I am looking into the Cesaro mean right now. My question is, if I take any sequence that is bounded and I do the Cesaro mean over and over, do I eventually get a sequence that converges after a finite number of turns? Thanks for any help. StatisticsMan (talk) 18:10, 6 March 2009 (UTC)

I don't know, but looking at Cesàro summation's iterated section, "The existence of a (C, α) summation implies every higher order summation, and also that a_n=o(nα) if α>-1.", does seem to suggest bounded is a very strong hypothesis. (I think (C,n) summation means do Cesaro mean n times). JackSchmidt (talk) 20:46, 6 March 2009 (UTC)

Ah, unfortunately, it looks like things similar to your question are well studied (so beyond my limited skills). Peyerimhoff's Lectures on Summability doi:10.1007/BFb0060951 MR0463744 appears to have some reasonable discussion of this sort of thing, and in particular describes who and when people studied iterated Cesàro summation (Hölder, Schur) and how to more easily discuss it. I didn't find any specific counterexamples, and couldn't tell if any of the theorems applied to your case, but you might have an easier time. JackSchmidt (talk) 21:00, 6 March 2009 (UTC)

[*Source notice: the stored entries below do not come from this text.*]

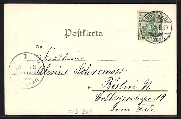 Personenbezogene Daten auf der Rückseite der Karte wurden durch blauen Textmarker unkenntlich gemacht. Die blauen Stellen sind auf die Vorderseite durchgeweicht und wirken sich negativ auf das Postkartenfoto aus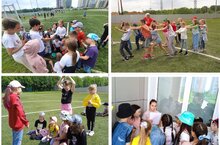 В День защиты детей, для воспитанников оздоровительного лагеря были проведены игры на сплочение коллектива и акция «Поделись улыбкою своей».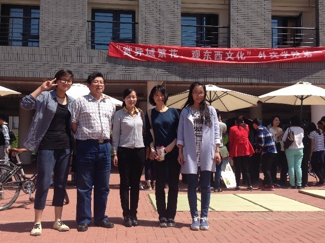 日语教研室李濯凡老师、周萍萍老师、丁曼老师在现场与同学们合影。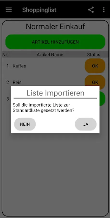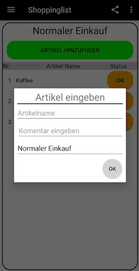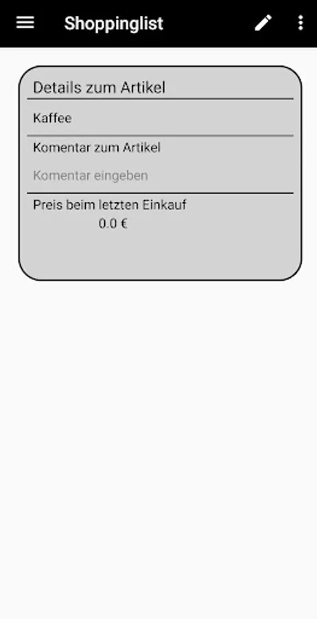 The app gives the user the opportunity to create a shopping list and edit it continuously. This should support the user and better organize the shopping, so that no article is forgotten to buy, since the smartphone is almost always there and it is not lost as quickly as a handwritten list.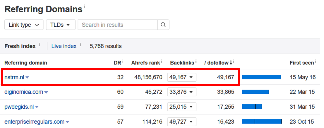 Workday’s top referring domain, nstrm.nl, is a low-quality broken site: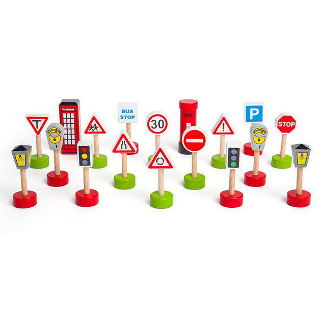 The Bigjigs Road Signs Pack contains lots of wooden roadside accessories to complete your network, including ten road signs, two traffic lights, two parking meters, a classic red post box and a telephone box. There's even two authentic looking streetlamps to place in busy areas! Consists of 18 play pieces.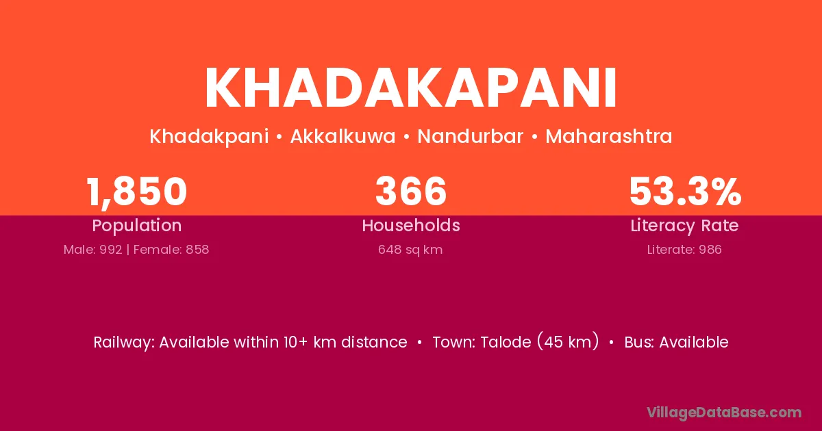 Khadakapani village has a total population of 1,850 people, of which 992 are males and 858 are females.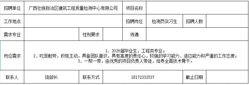 【招聘】广西壮族自治区od平台官方官网工程质量检测中心有限公司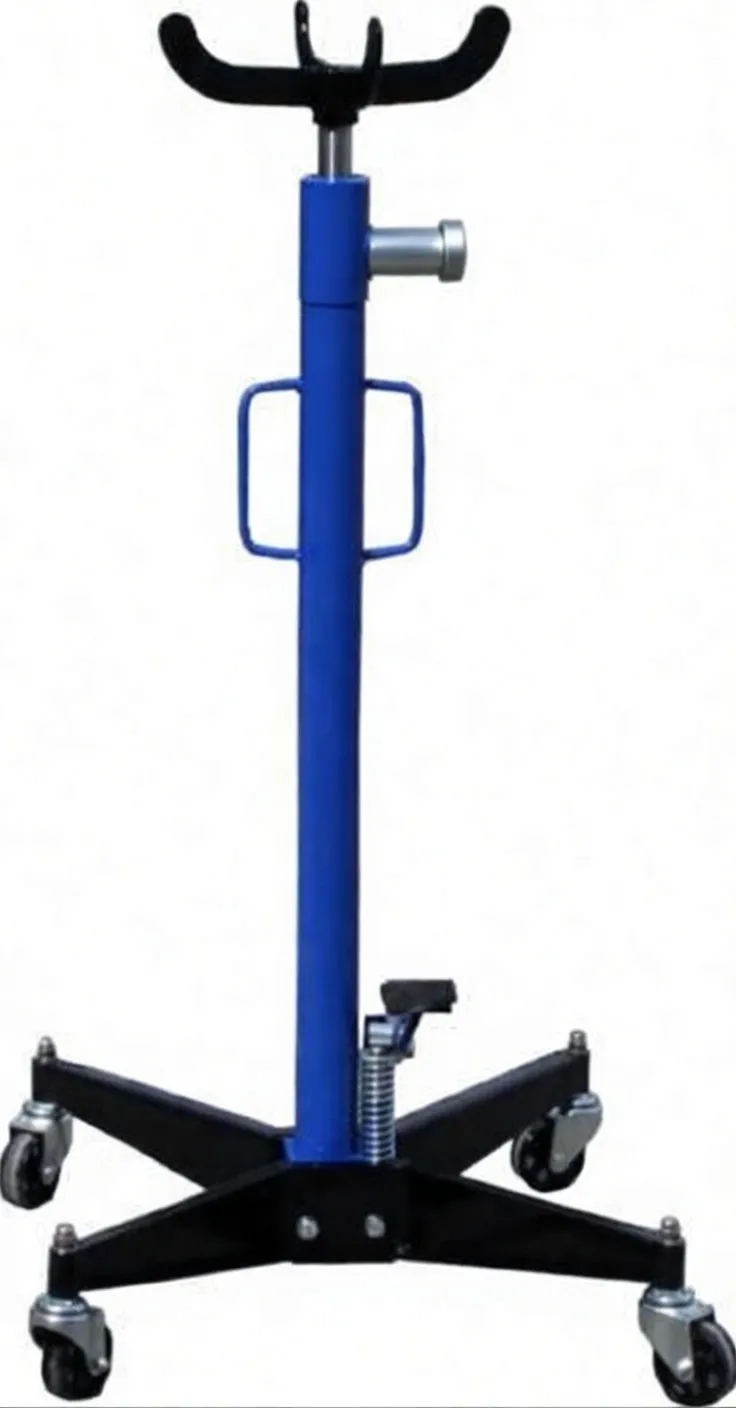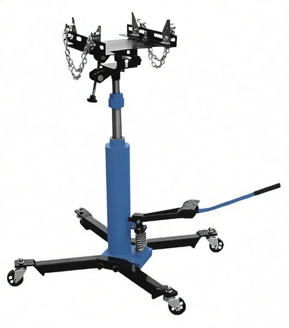 Stable, mobile gearbox support jack with foot pump steering and wide base—ideal for transmission work in automotive shops.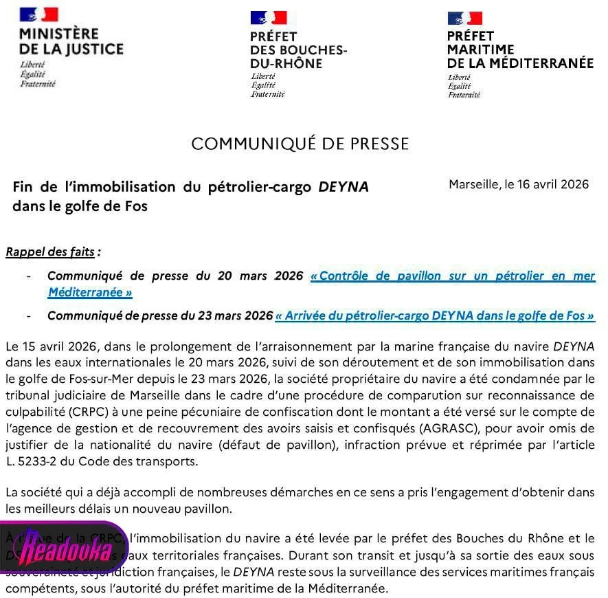 Судно, следовавшее из Мурманска под флагом Мозамбика, задержали месяц назад в западной части Средиземного моря. Французские власти арестовали его по подозрению в использовании подложного флага. Из-за неспособности подтвердить государственную принадлежность судна суд в Марселе назначил компании-владельцу «Deyna» штраф, сумма которого не раскрывается. После его уплаты танкер покинул территориальные воды Франции, сообщила Морская префектура Средиземноморья.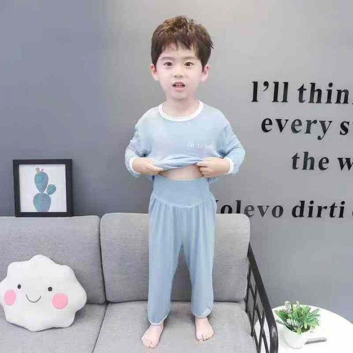 电商仓回收246套春秋季长袖宝宝高腰护肚空调服儿童薄款家居服,码数90-120。面料柔软舒适有弹力,适合宝宝贴身穿着。有独立包装,分货➕0.5。 货号:1323
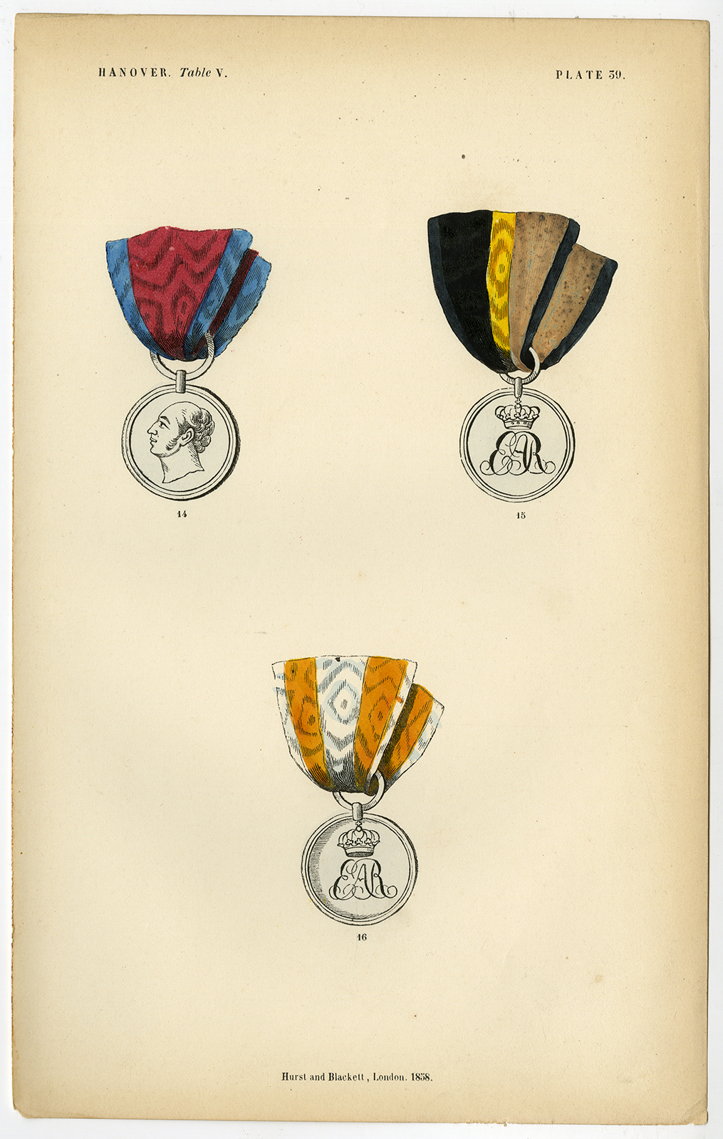 Antieke prent-MEDAAL-ORDER-DECORATIE-HANNOVER-PLAAT 39-Burke-1858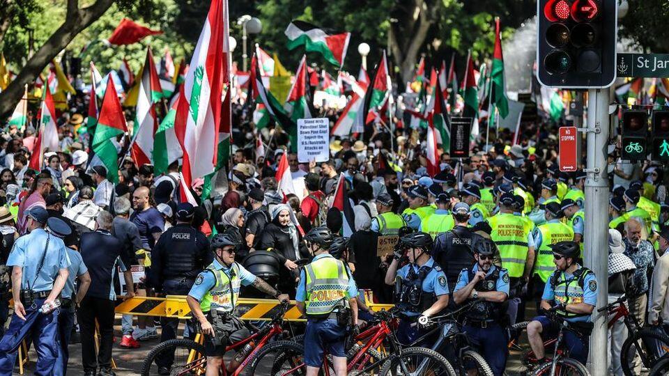 1/ Pro-Palestinian supporters gather during a protest at Hyde Park on October 6, Sydney, NSW.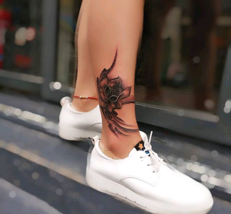 遮盖后荷花纹身图片_腿部新传统莲花纹身图案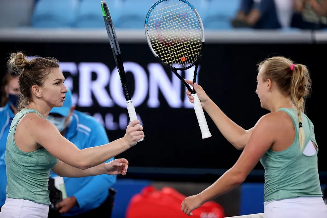Simona Halep of Romania (L) and Anastasia Potapova of Russia touch the rackets after their second round Gippsland Trophy women's singles tennis match in Melbourne on February 1, 2021.,Image: 587797081, License: Rights-managed, Restrictions: -- IMAGE RESTRICTED TO EDITORIAL USE - STRICTLY NO COMMERCIAL USE --, Model Release: no, Credit line: Profimedia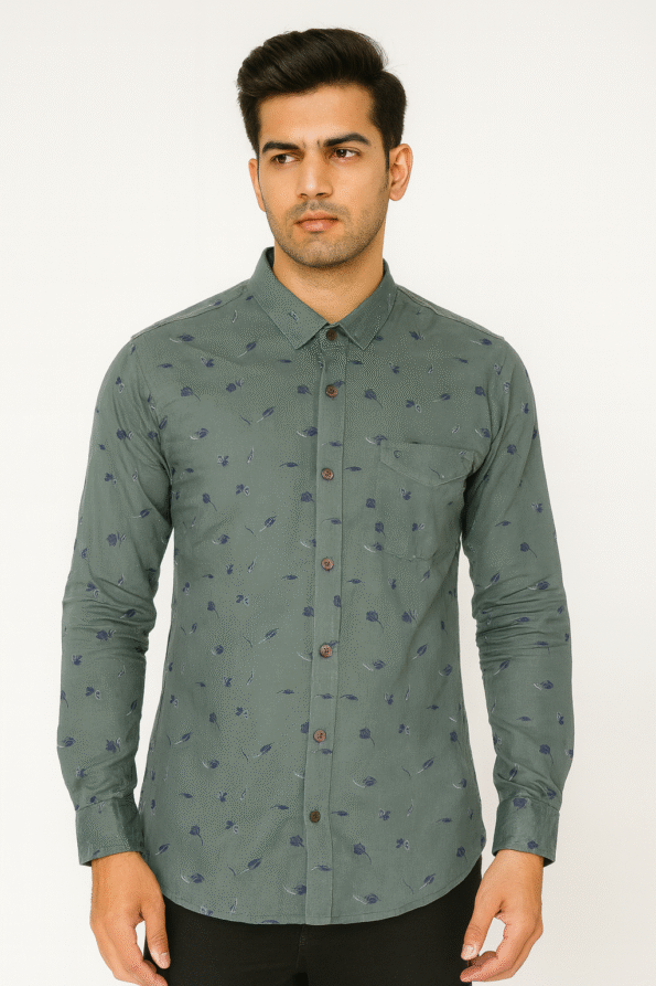 Upgrade your everyday style with this green printed slim-fit casual shirt. Crafted from premium breathable cotton fabric, this shirt features a subtle all-over leaf print that adds a touch of sophistication to your look. Designed with a classic spread collar, button-down front, and a functional chest pocket, it combines comfort with modern fashion. Perfect for both casual outings and semi-formal occasions, this shirt pairs effortlessly with jeans, chinos, or trousers.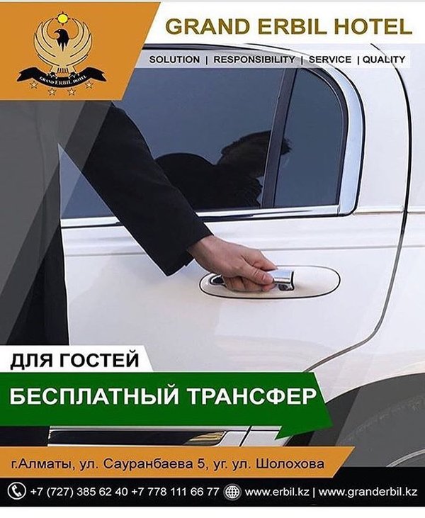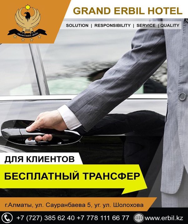 Grand Erbil Hotel совершит бесплатный трансфер из любой точки Алматы в нашу гостиницу, при условии проживания не менее 1 суток. Ждем Ваших звонков.
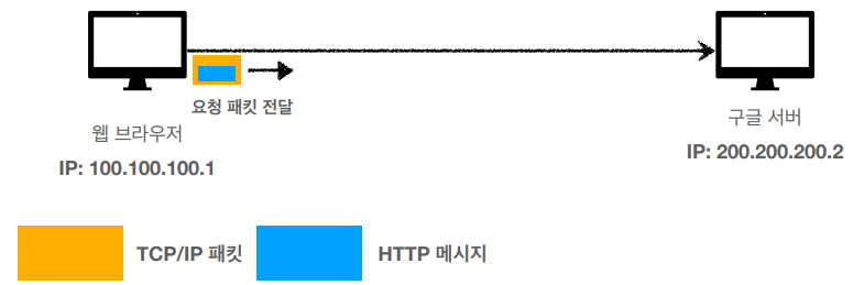 - 헤더 부분(출발지 IP, PORT, 목적지 IP, PORT 등)과 데이터 부분(HTTP 요청 메시지)을 합쳐 TCP/IP 패킷을 생성한다.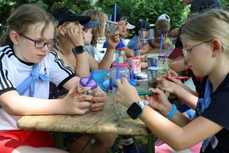 Im Jugendhaus trocknen etliche bunt gebatikte T-Shirts, draußen bastelt die blaue Gruppe mit ihren Betreuenden Dominik und Mia gerade aus Marmeladengläsern und je zwei blauen Strohhalmen Insektensauger. Emilia und Melissa (beide neun Jahre) zeigen, wie es funktioniert: Ein Insekt wird mit Hilfe des einen Strohhalms durch die Öffnung des zweiten Halms angesaugt. Ein Filter verhindert, dass das Insekt in den Mund geraten kann. Melissa hat auf diese Weise eine Fliege gefangen, die sie nun in Ruhe im Glas betrachten kann, bevor sie sie wieder freilässt.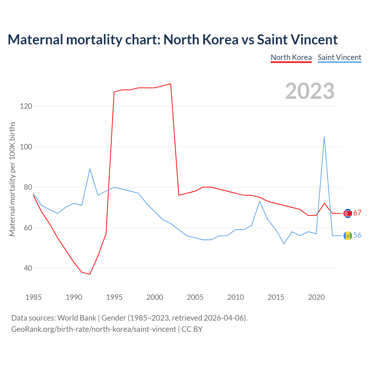 The maternal mortality rate, which is the probability of dying during childbirth or within 42 days of pregnancy termination, is 67 deaths per 100,000 live births in North Korea, compared to 56 deaths in Saint Vincent.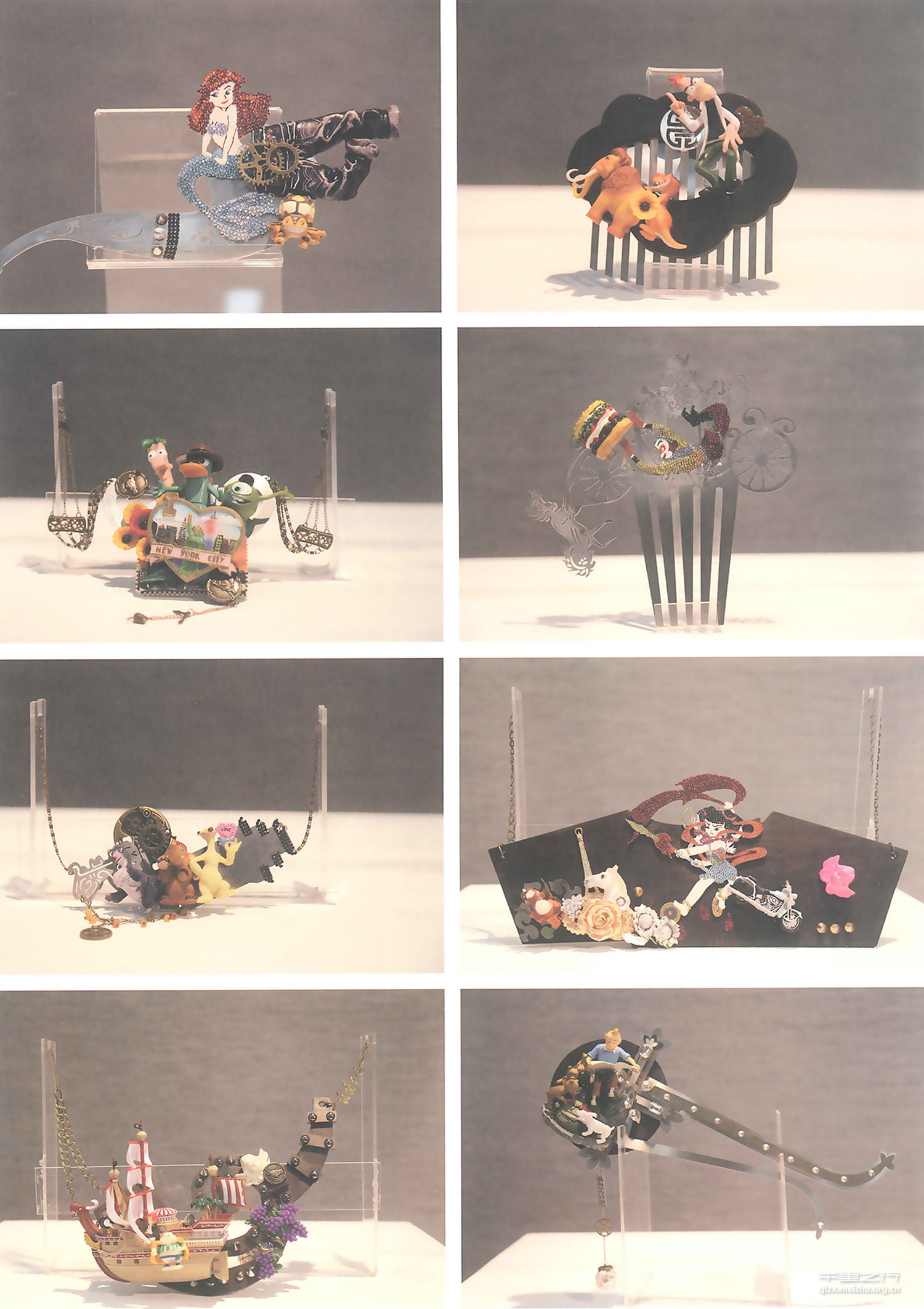 《混搭时代》采取了明显的波普艺术和拼贴艺术的构成方式,将各色不相干的零件随机拼装组合在一起,最终的作品也难以被归类,它既不是从功能出发的头饰设计,也不是以装饰为目的的形式主义,以时尚的方式来解释便是“混搭”或者“跨界”。这是近年来工艺系公共艺术工作室倡导“当代手工艺”学术方向的一个典型案例。从这件作品中我们不难看出,学生们开始追问艺术创新的观念与语言材料的关系,从单纯的形式追求过渡到观念和思维的创新表达。受到横向的其他艺术类别的影响,当代手工艺与艺术的边界趋于模煳,当代手工艺作品与纯艺术作品的语言形态呈现交叉融合的趋势。

Oooh, you want a Tauberian theorem for iterated Cesàro means, and there is one in that book, Theorem III.2, and I think it says that a bounded sequence is Cesàro summable if and only if it is (C,n) summable for some n ≥ 1. There is an example in the Cesàro means chapter of a bounded sequence that is not Cesàro summable, so i think that means the answer to your question is no. JackSchmidt (talk) 21:07, 6 March 2009 (UTC)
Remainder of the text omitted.